It’s no longer a matter of waiting for the dust to settle. Dirt roads, vacant lots, construction sites, heavy industry and farms have been spewing asthma-causing particulates into the air at a rate that federal pollution regulators say is unhealthy for residents, and they want it to stop.
The Environmental Protection Agency has put Valley leaders on notice: Reduce the area’s unhealthy particulate levels to federal standards, or face consequences that could include the EPA cutting off federal highway funds to the Valley.
The federal agency also has the authority to take over Maricopa County’s air quality permitting process — a move that could effectively grind economic development to a halt.
Despite those possibilities, some of the politicians, lobbyists and bureaucrats responsible for drafting the Valley’s dust cleanup plan for EPA approval say their colleagues aren’t taking the task seriously enough.
County government officials criticized fellow members of the Maricopa Association of Governments last week for opting to exclude three proposed measures that would crack down on dust coming from construction sites — collectively the source of more than half the county’s air quality violations.
“We are very concerned that the actions we took to limit measures occurred too soon,” member Jo Crumbaker of the Maricopa County Air Quality Department said during a MAG advisory group meeting Thursday to discuss the plan. “It is simply premature to pull these measures off the table.”
Robert Kard, Maricopa County Air Quality Department director, said dust violations triggered 55 percent of the $3.7 million in air pollution fines levied by his agency in 2006.
A department statistical analysis concluded that 51 percent of all construction sites in the Valley committed violations, Kard added.
In March, the federal government officially deemed Maricopa County to be in violation of clean-air standards because of its unhealthy levels of dust, an anticipated step that gives Arizona until the end of the year to adopt a plan that likely will impose new requirements on builders and industries such as mining and farming.
The EPA said air quality data from 2004 to 2006 showed dust levels exceeded the federal standard, and as a result, the state failed to meet a Dec. 31, 2006, compliance deadline. The Valley violated federal air quality standards on 19 days in 2005 and 27 days in 2006. The EPA allows just three violations in a three-year period.
Arizona has until the end of this year to submit a plan to reduce the level of large particulate matter, known as PM-10, by 5 percent annually beginning in 2008. Each subsequent year the state fails to meet the federal PM-10 standard, it will have to submit another, more aggressive cleanup plan.
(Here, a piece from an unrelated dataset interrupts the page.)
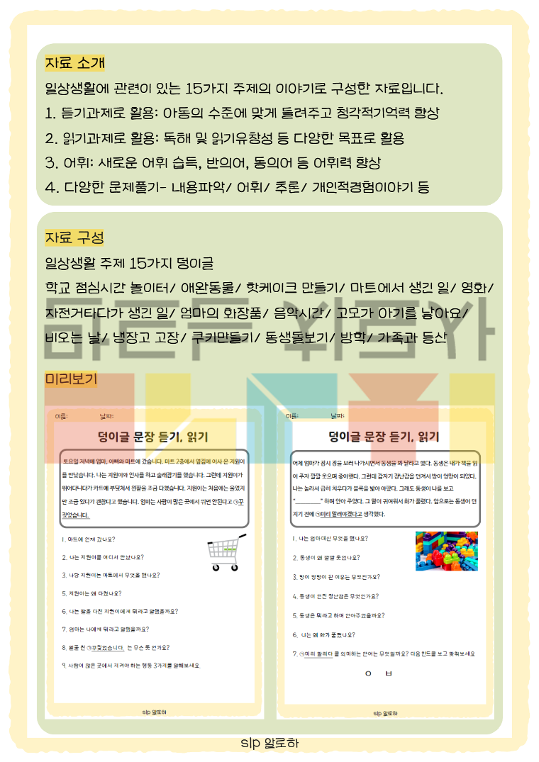 자료 소개 일상생활에 관련이 있는 15가지 주제의 이야기로 구성한 자료입니다. 1. 듣기과제로 활용: 아동의 수준에 맞게 들려주고 청각적기억력 향상(듣기 목표어휘확인/ 문장따라말하기/ 의문사질문 등) 2. 읽기과제로 활용: 독해 및 읽기유창성 등 다양한 목표로 활용 3. 어휘: 새로운 어휘 습득, 반의어, 동의어 등 어휘력 향상 4. 다양한 문제풀기- 내용파악/ 어휘/ 추론/ 개인적경험이야기 등 자료 구성 일상생활 주제 15가지 덩이글 학교 점심시간 놀이터/ 애완동물/ 핫케이크 만들기/ 마트에서 생긴 일/ 영화/ 자전거타다가 생긴 일/ 엄마의 화장품/ 음악시간/ 고모가 아기를 낳아요/ 비오는 날/ 냉장고 고장/ 쿠키만들기/ 동생돌보기/ 방학/ 가족과 등산

High levels of air particles pose a health threat because they cause breathing disorders, can damage lung tissue and may lead to premature death. The elderly, children and people with asthma and other respiratory conditions are especially vulnerable.
Maricopa County Board of Supervisors Chairman Don Stapley, R-District 2, sent a memo last week to MAG’s Regional Council, made up of Valley mayors, asking that the construction-related measures be placed back on the proposed list of new regulations to be submitted to the EPA. Stapley notes that similar crackdowns were part of successful programs to reduce dust in Nevada and California.
“Maricopa County is very concerned that calculations estimating emission reductions from the current measures on the list may be overly optimistic,” Stapley wrote in the memo, adding that it could take longer than MAG anticipates to see results from its dust-control plan and should therefore add more to the list.
The council chose not to comply with Stapley’s request, but it did leave the door open to the possibility of adding those measures in the future.
To complicate matters, the county officials who criticized MAG members for not proposing enough measures to reduce dust pollution were accused of the same.
For instance, Stapley’s memo drew fire from MAG member Peter Hyde of the Arizona Department of Environmental Quality, because it also asks MAG to eliminate a requirement that the county post 15 mph speed limits on dirt roads and lower its expectations of the county’s ability to pave dirt roads and police certain dust violations.
“Non-permitted emissions sources . . . are so numerous and the process to address remedies consumes so much time that the County alone can not address these problems,” the memo states.
Hyde said the memo demonstrates a “can’t-do attitude” on Stapley’s part.
“I just don’t like the general attitude that is coming out of this memo,” he said. “It’s way too negative.”
In all, the MAG Regional Council recommended 42 dust-control measures from a proposed list of more than 70. However, the entities that would be responsible for enforcing each new rule must give their approval before a final plan can be submitted to the EPA.
For instance, Maricopa County does not have to approve the measures it would be responsible for implementing, but air quality director Kard said the county will do whatever it takes to ensure the dust-control plan is aggressive enough to satisfy the EPA.
“Highway fund sanctions are real and they’re out there,” he said. “We’re not going to put ourselves in a position that would enact those sanctions.”